Dicen los que saben de esto que estamos ante una de las primeras obras que escribió Shakespeare. Dada esa circunstancia se entienden, por un lado, las ganas de diversión y exceso; por otro, la búsqueda de un lenguaje propio pero todavía usando las típicas herramientas del teatro de enredo y tapados tan de su época; y, finalmente, la preocupación por el tema del amor y la amistad y por saber si uno está por encima de la otra o viceversa. Para eso planta como protagonistas a dos amigotes que se ven forzados a separarse, porque mientras uno, Valentín, busca su futuro lejos de Verona, el otro, Proteo, se queda porque está enamorado de una muchacha, Julia. Parece esa típica escena en la que dos colegas están de fiesta y uno termina yéndose con una chica y el colega le dice: "¿En serio te vas a ir con una tía y me vas a dejar tirado, a mí, a tu amigo del alma?". Ese tipo de chantajes siguen vigentes, más de 400 años después.

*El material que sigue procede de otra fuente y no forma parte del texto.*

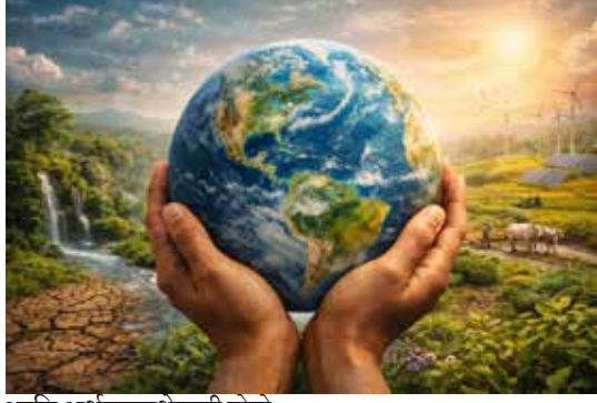
आणि अर्थव्यवस्थेवरही होते .

मानवाच्या सभ्यतेचा इतिहास पाहिला तर तो निसर्गाशी असलेल्या सुसंवादातूनच उभा राहिलेला दिसतो . पृथ्वीने माणसाला अन्न , पाणी , हवा , ऊर्जा आणि जीवनासाठी आवश्यक असलेली प्रत्येक गोष्ट दिली . या निसर्गाशी असलेल्या सुसंवादातूनच माणूस जगला , वाढला आणि प्रगत झाला . परंतु आधुनिक काळात विकासाच्या नावाखाली माणसाने निसर्गाशी असलेले हे नाते बदलले . उपयोग आणि उपभोग यामधील सीमारेषा पुसट झाली आणि त्याचा परिणाम म्हणून आज पृथ्वीवर अनेक संकटे उभी टाकली आहेत . पृथ्वी दिन हा त्या बदलत्या वास्तवाची जाणीव करून देणारा आणि माणसाला आत्मपरीक्षासाठी भाग पाडणारा दिवस आहे .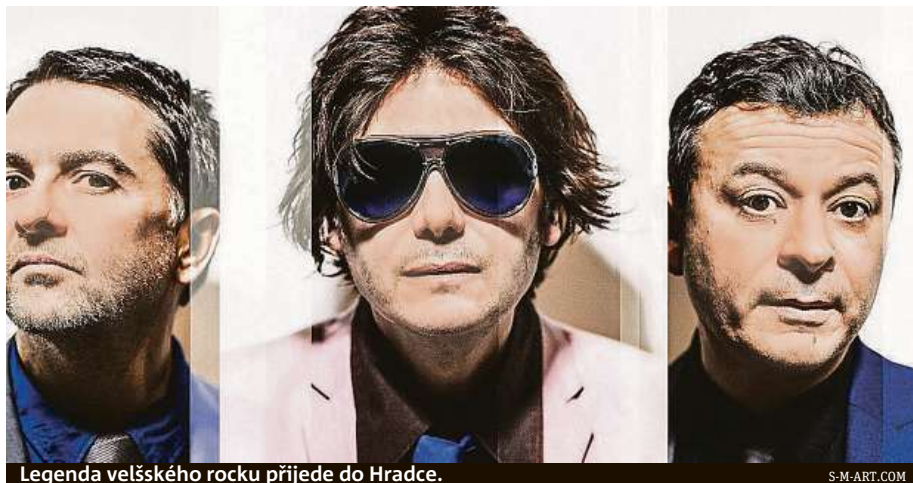
Legenda velšského rocku přijede do Hradce.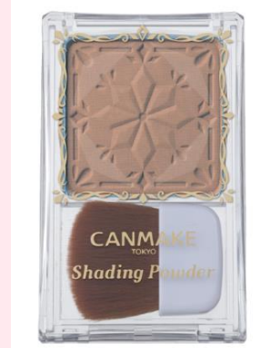
新色 No.05 ムーングレンジ

鉱物油フリー、石油系界面活性剤フリー、タル系色素フリー、紫外線吸収剤フリー、無香料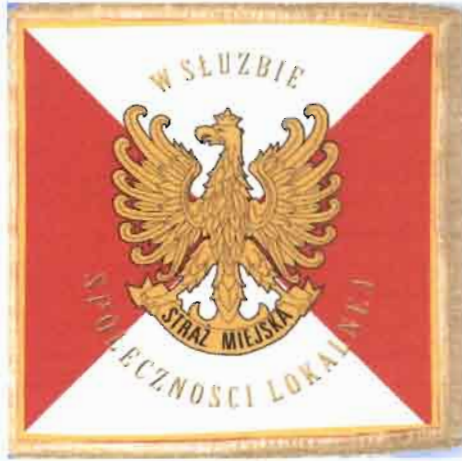
Rys. 1. Awers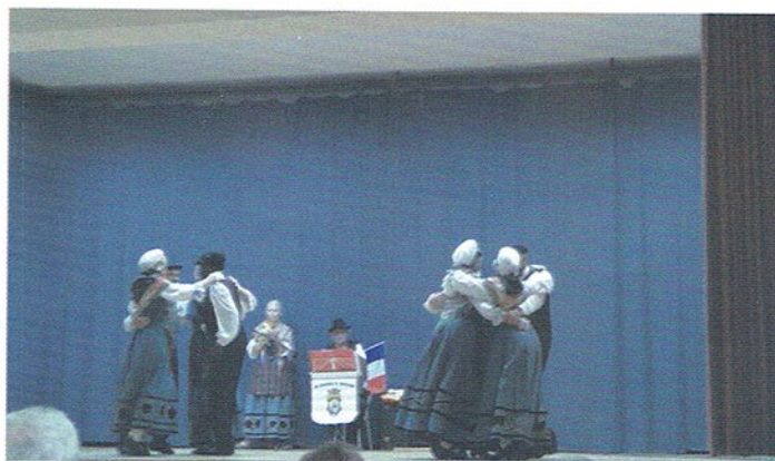
A Los CarcinolsDe Montalban francia táncsoport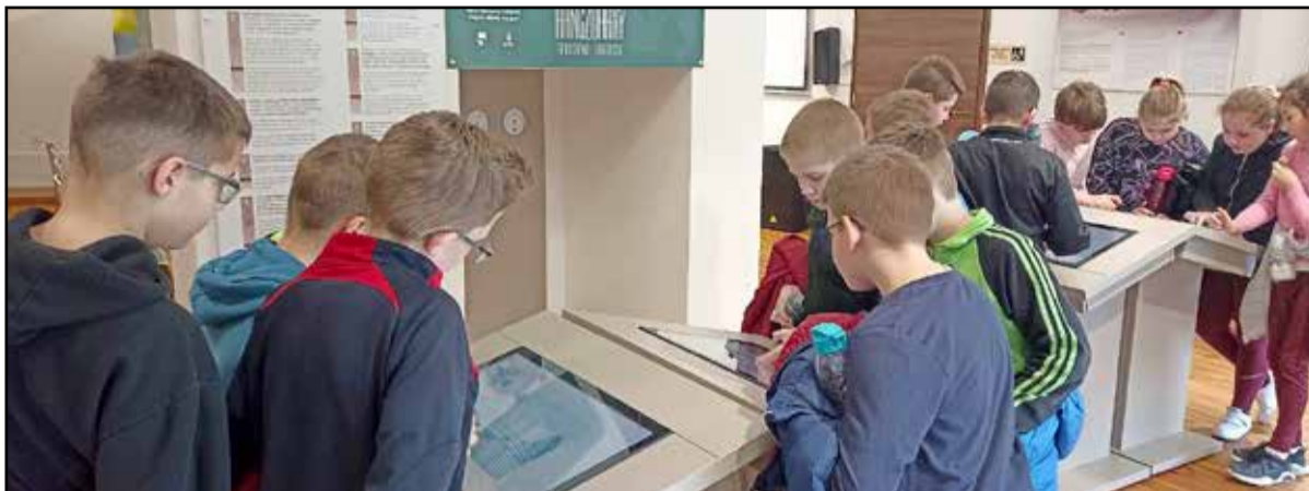
A gyerekek a látogatóközponttal ismerkedtek

A tavasz beköszöntével nem csak az időjárás csalogatja ki a családokat, gyermekeket a szabadba, hanem a programok is. A DámPont Látogatóközpont márciusban több lehetőséget kínált, és a következő hetekben is számíthatunk eseményekre.

La cosa se da la vuelta más tarde, cuando Proteo es obligado a irse también a Milán, donde se reencuentra con Valentín, que resulta que ahora está colado por Silvia. Y al ver a Silvia, Proteo se olvida de Julia y se pone palote con la chica que le gusta a su amigo. Una chica que, por otra parte, es pretendida por un tal Thurio, amigo del padre de Silvia. Personajes femeninos que van como canicas de mano en mano sin poder decir mucho. La cosa se va enredando y más vale que no contemos nada más, que vayáis a verla y que comprobéis hasta qué punto Shakespeare podría ser guionista de La isla de las tentaciones… o cualquier otro atentado televisivo made in Tele 5.
El montaje es limpio y preciso, la historia a pesar del enredo se entiende y se sigue perfectamente, han hecho una buena poda al texto original. Puesta en escena muy de corral barroco, con un sencillo muro en el centro de un escenario desnudo, un elemento que sirve para todo y con el que el maestro Declan Donellan juega a placer. Pero si cabe destacar algo por encima de todo es el trabajo de los actores, volcados en lo cómico pero sin dejar de interpretar personajes, no caricaturas, aunque hay algunos que parecen dibujos animados por cómo se mueven, principalmente los dos protagonistas, Manuel Moya en el papel de Valentín y Alfredo Noval como Proteo. Irene Serrano y Rebeca Matellán, sus amadas (porque ellos siempre con el posesivo por delante), parecen más instaladas en el cliché, pero sin duda es exigencia de autor y director. Y quienes se llevan aplausos y ovaciones son Alberto Gómez como Thurio, Jorge Basanta como padre de Duque (que termina siendo sinónimo de patriarcado que todo lo pone en orden) y, sobre todo, la grandísima Goizalde Núñez, que se lleva al público al bolsillo cada vez que aparece. Su monólogo con el no-perro es para enmarcar y no olvidar jamás. Qué bien le sienta este teatro a esta actriz desde que hace 25 años apareció como un obús de la comedia en aquellas míticas Maravillas de Cervantes que dirigió Joan Font.